(DEPRECATED) Apache Flink User Mailing List archive.

Re: Containers are not released after job failed

Posted by Till Rohrmann on
URL: http://deprecated-apache-flink-user-mailing-list-archive.369.s1.nabble.com/Containers-are-not-released-after-job-failed-tp27549p27558.html

Hi,

have you tried whether the same problem also occurs with the latest Flink version (1.8.0, 1.7.2 or 1.6.4)?

If yes, then I would need to take a look at the logs to better understand what's happening.

Cheers,

Till

On Fri, Apr 26, 2019 at 12:33 PM Timo Walther <[hidden email]> wrote:

Hi,

I will loop in Till here who might know about this problem. In the meantime could you maybe tell us a bit more about your setup/deployment (how is yarn configured and the Flink job submitted?) and link to the full logs?

Thanks,

Timo

Am 26.04.19 um 11:15 schrieb 刘建刚:

I run flink 1.6.2 on yarn. At some time, job is failed becuase of: org.apache.flink.util.FlinkException: The assigned slot container_e708_1555051789618_2644286_01_000061_0 was removed

Then the job restarts. After some time, the container container_e708_1555051789618_2644286_01_000061 is still not released.
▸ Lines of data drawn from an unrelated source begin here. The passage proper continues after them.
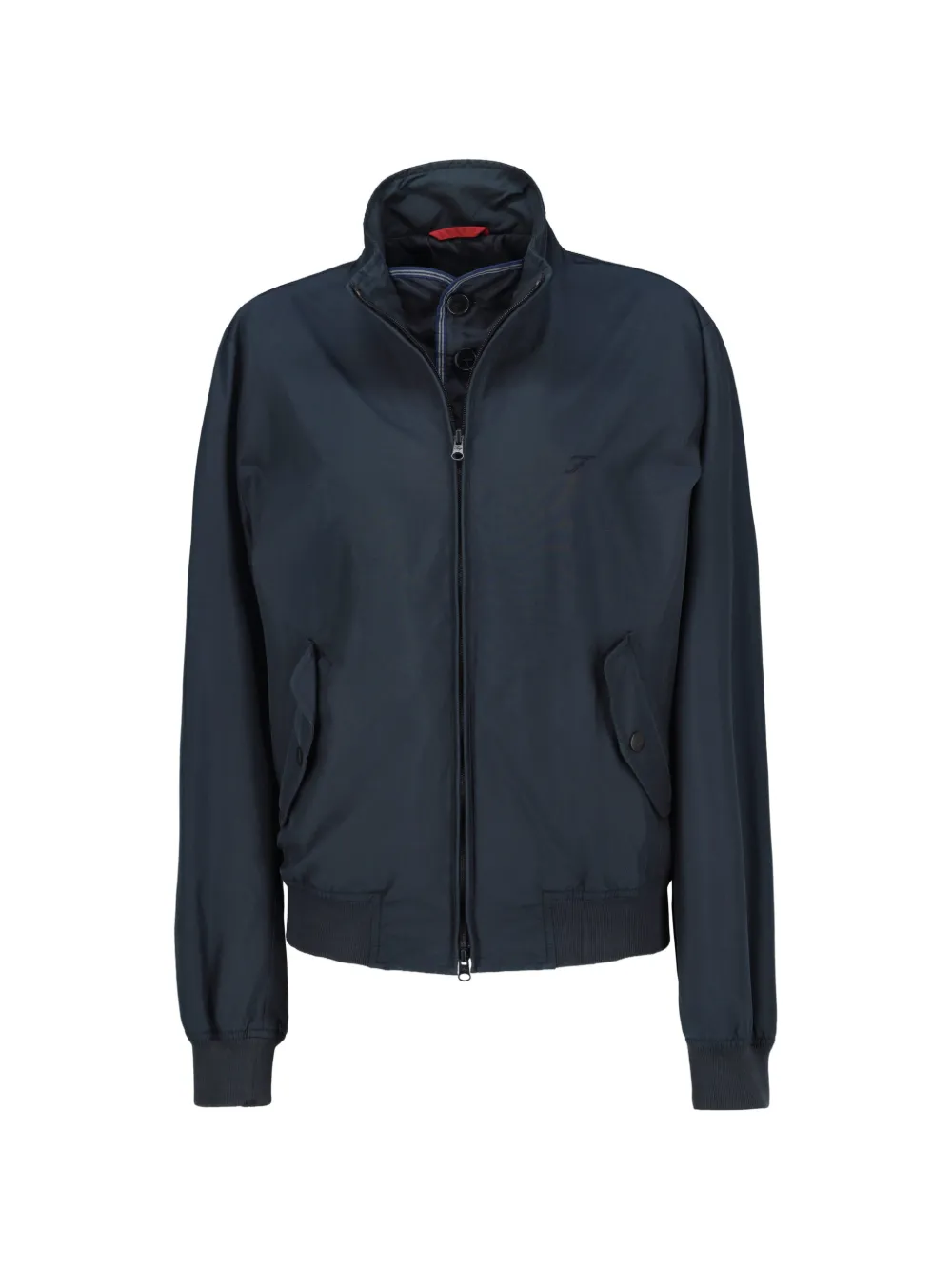 blue zip fastening welt pockets high neck
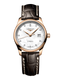 TECHNICAL DATAMODEL: L2.257.8.87.3 COLLECTION: Master DIAL COLOR: White STRAP COLOR: Brown STRAP MATERIAL: Alligator STRAP BUCKLE: With triple safety folding clasp and push-piece opening mechanism Chronograph: Yes Chronograph Functions: Chronograph mechanism: central 60 seconds hand and 30 minutes counter at 9 o'clock MOVEMENT: Automatic CALIBER: 592 CASE SHAPE: Round CASE SIZE: 29.00 mm CASE MATERIAL: 18 karat pink gold WATER PROOF: 3 bar
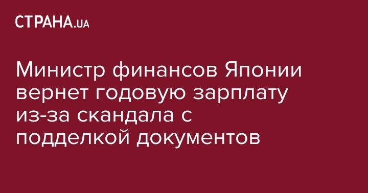 Вице-премьер, министр финансов Японии Таро Асо вернет годовую зарплату в знак извинения за подделку в его ведомстве документов.
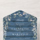 Une faire-part de mariage tout-en-un présente une belle cascade de verdure fleurie, une typographie élégante et des initiales monographiques sur un arrière - plan de panneaux de bois de grange bleu rustique. L'invitation comprend une carte RSVP perforée avec votre code QR du site Web mariage et des détails. Conçu par Thisisnotme©

The log of container_e708_1555051789618_2644286_01_000061 is as following:

The log shows that two tasks are canceled before successful registration at resource manager and one is canceled after registration. After five minutes, the container registers again. At last, the container is alive but not used.

Anyone have any idea about this problem. Thank you.